Brain Health and Emotional Well-being: A Sports Neuropsychology Conversation
By Dr. Rosemarie Scolaro Moser and Dr. Bridget Mayer
Appearing in Princeton Magazine, Sept.2022 issue
Dr. Bridget Mayer (BM): Congratulations on becoming elected as president of the Sports Neuropsychology Society! I suspect some readers of Princeton Magazine have never heard of sports neuropsychology.
Dr. Rosemarie Scolaro Moser (RSM): Thank you and I don’t doubt you are right. Sports neuropsychology is a specialized field of health care that focuses on the brain health and emotional well- being of athletes of all ages and of all skill levels, whether pee wee, travel, community, high school, college, or pro sports. Sports neuropsychologists helped launch the first programs for concussion testing, identification, treatment, and research in professional athletes back in the 1990s. Soon after, we brought those programs to youth and amateur sports. But we are not only experts in concussion management and brain injury. We are focused on keeping athletes’ brains healthy and promoting emotional well-being.

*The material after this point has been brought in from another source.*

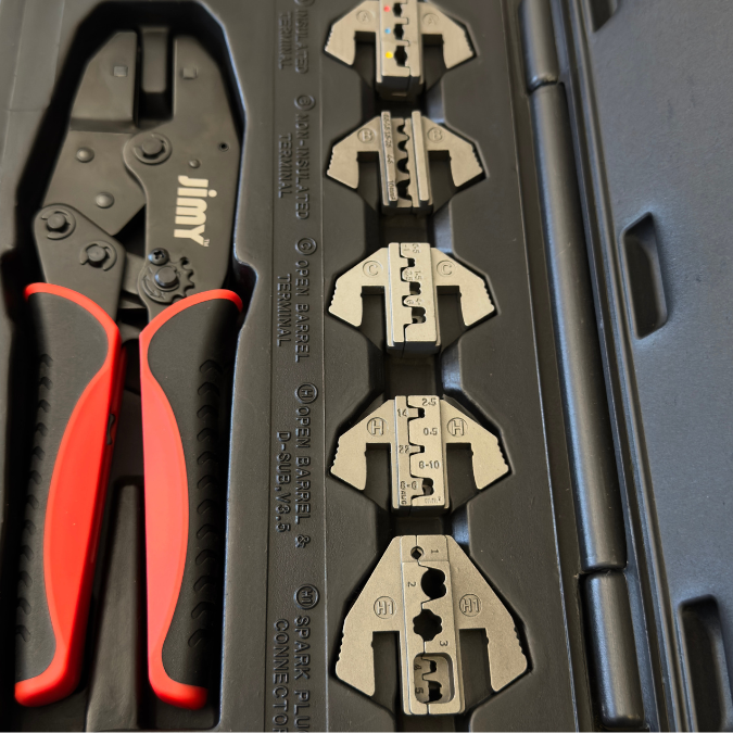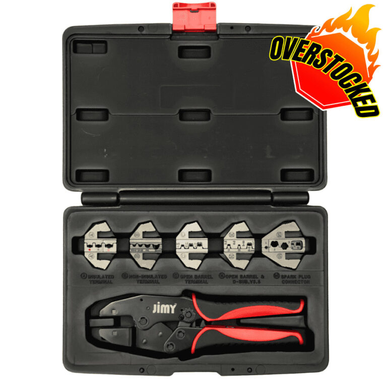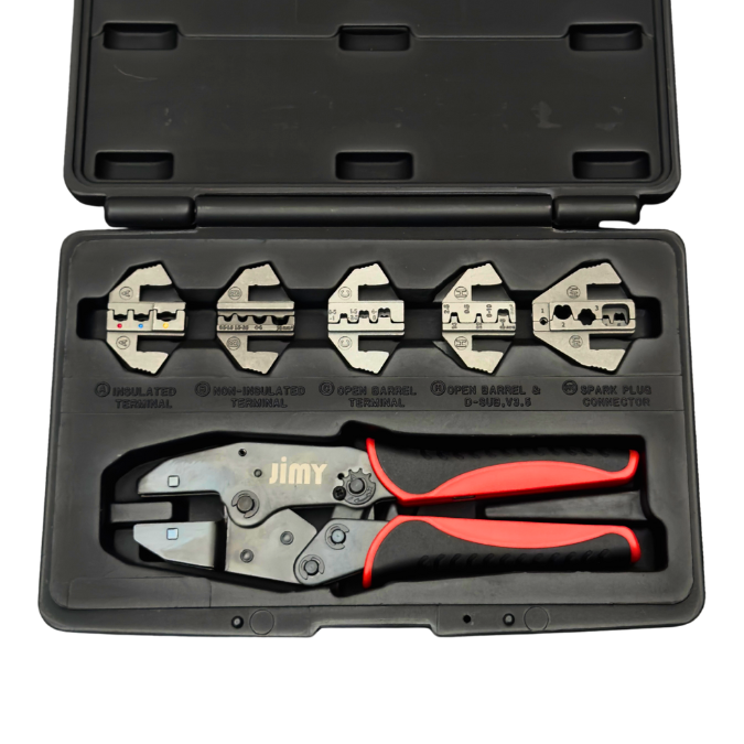 The Jimy 6-Piece Automotive Ratchet Crimping Plier Kit is a high-leverage, quick-release crimping system designed for fast, accurate and repeatable terminal crimping in automotive and electrical applications. The ratchet mechanism delivers consistent compression with less hand effort, while the tool-free die release system allows rapid changeover between five interchangeable crimp dies for insulated, non-insulated, open-barrel and specialty connectors. Supplied in a durable storage case, this kit provides a compact, workshop-ready solution for professional wiring and repair work.

BM: Keeping athletes’ brains healthy is not an easy task, yet it’s critical to emotional well-being. I try to explain that the brain is an extraordinary, complex organ comprised of billions of nerve cells called neurons. These nerve cells connect to send electrochemical messages throughout the nervous system. Basically, the brain is the master controller of everything your body does and feels: your sensations, movements, thoughts, behaviors, and emotions. When your brain neurochemistry gets rattled, all kinds of quirky symptoms can occur: physical, cognitive, behavioral, and emotional.
RSM: Yes! And we need to remember that concussions are not the only things that can disturb your brain neurochemistry. There are other factors to consider like diet, stress, physical injury, hormonal changes, substance and alcohol use, disease, and especially poor sleep. Unfortunately, we are a sleep-deprived culture, and lack of sleep wreaks havoc on brain neurochemistry. Disturbing your brain neurochemistry can result in a variety of symptoms like fatigue, poor focus and attention, learning difficulties, depression, anxiety, and memory problems. These symptoms will affect not only athletic performance, but academics, job performance, and family and social relationships.
BM: The message here is that it is not just concussions that cause problems for athletes. Sports neuropsychologists help athletes identify and control the life factors that alter brain function and produce distress. In this way, athletes can improve overall performance and their physical and emotional well-being. I think the public is now becoming more aware of the stress on athletes to perform and compete.
RSM: I am gravely concerned that for too long we have overlooked the significant stressors and challenges affecting our athletes. Whether it’s overspecialization at a very young age, the college athletic recruitment process, or pressure to excel at all costs, athletes can be vulnerable to worry, anxiety, and depression. Also, the stories of abuse, trauma, suicide, eating disorders, drug use, stigmatization, racism, and prejudice are heartbreaking. These are what Dr. William Parham, the first ever Director of Mental Health and Wellness of the National Basketball Players Association, calls “hidden tattoos.” Many of us do not realize the enormity of the pressures of competition, the lack of privacy, the grueling practice and training schedules, the sleep deprivation, the isolation, the bullying, and the back- room politics that can target athletes whose passions and goals are at stake.
BM: I really applaud those high-profile athletes, like Simone Biles, Michael Phelps, Lindsey Vonn, and Serena Williams, who are coming forward as advocates of emotional well-being for their fellow athletes. Now, we all need to step up to the plate and provide the supports they need.
RSM: Here is my checklist of supports for athletes, and all of these items are equally important: Provide athletes with reasonable schedules that include plenty of sleep, regular down-time, and reduced pressure to perform. Provide mental health awareness training through webinars, podcasts, educational meetings, and printed materials. Allow for user-friendly, non-stigmatized access to counseling, psychotherapy, group workshops, and training in mindfulness, meditation, and relaxation training for stress reduction. Help athletes take care of their bodies with monitoring for concussion and other injuries, proper pain management, and good nutrition. Provide academic supports and accommodations so that athletes can keep up with their academics in the face of athletic demands. Last, but not least, encourage their talents and interests in other areas of life so their self-worth is not solely defined by the sport. It’s important to keep a diversified life portfolio.